Fanaticism is, I take it, adherence to a belief no matter what. It submits to no tests. If a Stalinist, ignorant of the latest Soviet edict, derides as false the report that twelve-year-old Russian children are made subject to the death penalty, he will not, when the report is proved true, modify his belief in the justice of the Soviet order. He will state that the edict only proves the advanced character of the regime, because its educational system converts twelve-year-old children into political adults.

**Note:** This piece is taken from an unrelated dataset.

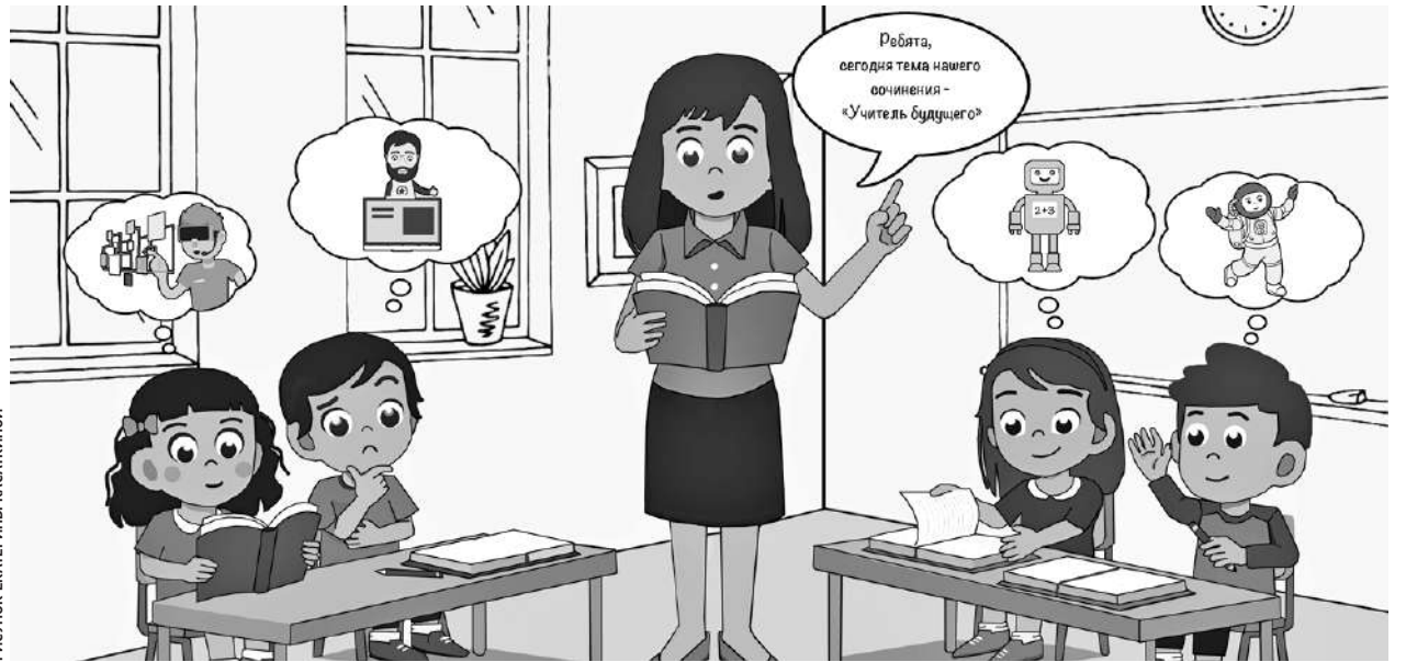
РИСУНОК ЕКАТЕРИНЫ КАСАКИНОЙ

Общая сумма выделенных средств — 10 млн рублей. Из них федеральное финансирование — около 8,5 млн. Почти 1,4 млн —

I quite agree with Slater on the close similarity between Innocent III and Stalin. But I cannot accept the problem of fanaticism as only a moral one. It is a social and cultural problem as well. Why is fanaticism more virulent in some epochs than in others? The answer must be sought in the social, political and economic tensions of the respective epochs. Stalinism is a horrible perversion, but what are the inadequacies of a capitalist system that make inhabitants of the system into Stalinists? What are the conditions in Russia that permit this rude fanaticism? These arc the questions that Slater must face and has not.

And yet, this is a valuable book. Its anti-Stalinism is not second-hand but is based on Slater’s Spanish experience. Slater understands the role of the Stalinists in the Spanish Civil War. Isolated episodes in the book are brilliant.

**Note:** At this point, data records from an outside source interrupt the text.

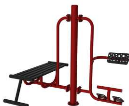
Ławeczka + prostownik pleców + słup nośny
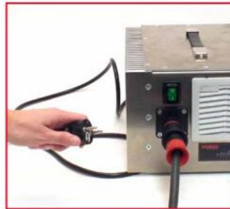
使电源插头与 110/220V 插座连接
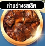
ทำอย่างฮกเก้ง
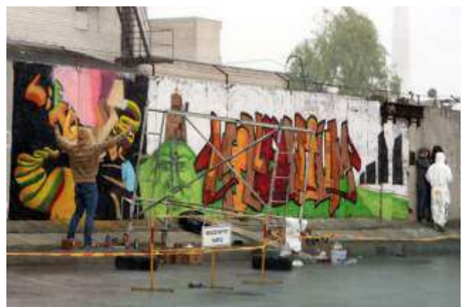
5pav. „1000mečio Graffiti“2009m.
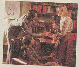
CAMPARI – oder gibt es eine nettere Begrüssung?
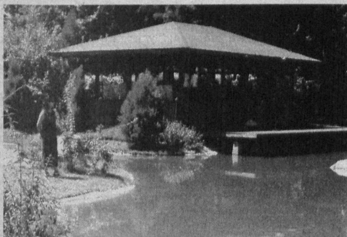
С наступлением осени парки и скверы столицы остаются излюбленным местом отдыха горожан.
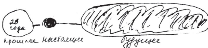
Рис. 1. Пример линейно-непрерывной временной перспективы

1. Временная перспектива, при которой значимой является зона будущего и наблюдается линейная связанность прошлого, настоящего и будущего. Эту группу мы условно назвали линейно-непрерывной временной перспективой .
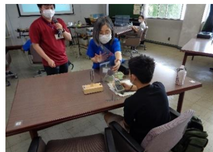
県環境研究センター 大気騒音振動研究室
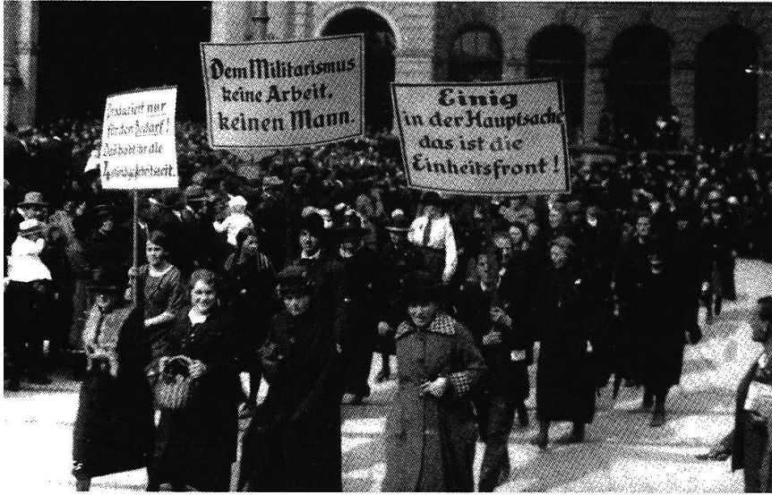
«Dem Militarismus keine Arbeit, keinen Mann.» – «Produziert nur für den Bedarf! Dann habt ihr die 4-stündige Arbeitszeit.» Frauen am 1. Mai in Zürich um ca. 1919.

He is particularly effective in presenting the Russian policy through the deliberations of the Operational Policy Commission. The Russians propose as their thesis on the duties of the regimental officer that he “obey, know and report,” and mechanically repeat each other’s arguments. When one of the Spanish members of the commission proposes to invest the regimental officer with the power of decision and initiative, he is voted down.

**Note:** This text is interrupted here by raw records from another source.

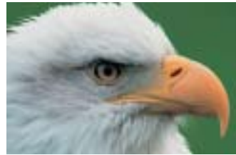
L'aigle avant outil correcteur
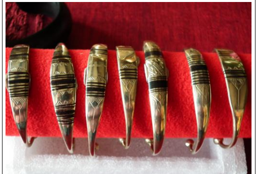
Alliage avec incrustation 20€
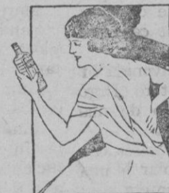
DOLOR DE ESPALDA

Alivie el dolor con Linimento de Sloan. Aplíquese suavemente sin frotarlo. Produce alivio inmediato.

Perhaps the most brilliant writing in the book is his account of a battle scene in which the Loyalists are being slaughtered on a slope. A political meeting is called by the Stalinists to discuss the situation. “The Brigade Commissar made a speech in which he did his best to carry out his instructions to link up the immediate issue of the troops’ morale with the political question of the fight against Trotskyism.” When one of the Stalinists states that he must still try to explain to his men why they are being slaughtered in an untenable military position, he is denounced for undermining morale and giving objective support to fascism. The meeting ends with a unanimous vote of confidence in the leadership and a unanimous condemnation of the “Trotskyist-fascist” agents of the enemy.

Slater is a writer of experience, understanding and power. He has the novelist’s gift, and as soon as he digests his experience, he will write finer novels than The Heretics. But The Heretics is more than a promise; it is an achievement.